Dataset excerpt
____________

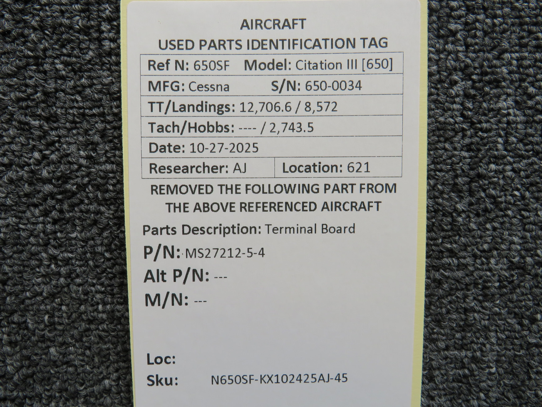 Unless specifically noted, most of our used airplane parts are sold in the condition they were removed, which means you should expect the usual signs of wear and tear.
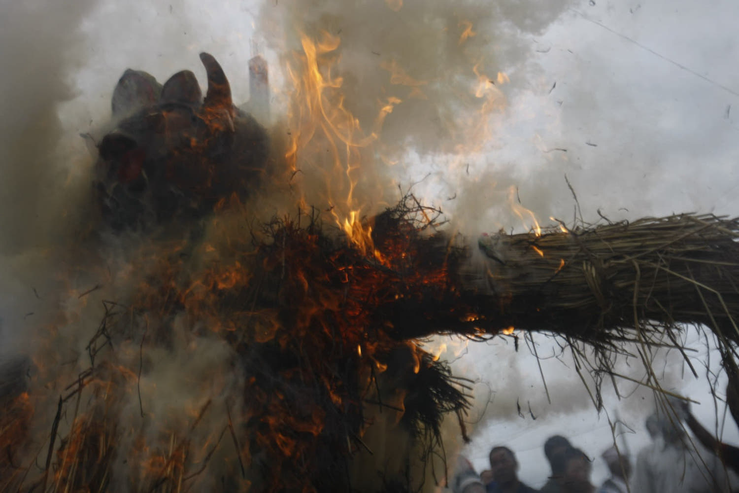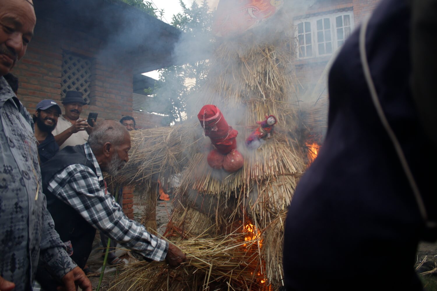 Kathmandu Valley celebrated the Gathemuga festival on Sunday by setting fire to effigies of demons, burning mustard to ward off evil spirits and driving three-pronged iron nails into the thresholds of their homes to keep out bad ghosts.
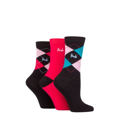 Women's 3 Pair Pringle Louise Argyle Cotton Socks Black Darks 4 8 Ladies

____________

What the task requires
Omit the pictures. Repeat the rest of the data exactly.

Exercise response
 Unless specifically noted, most of our used airplane parts are sold in the condition they were removed, which means you should expect the usual signs of wear and tear.
 Kathmandu Valley celebrated the Gathemuga festival on Sunday by setting fire to effigies of demons, burning mustard to ward off evil spirits and driving three-pronged iron nails into the thresholds of their homes to keep out bad ghosts.
 Women's 3 Pair Pringle Louise Argyle Cotton Socks Black Darks 4 8 Ladies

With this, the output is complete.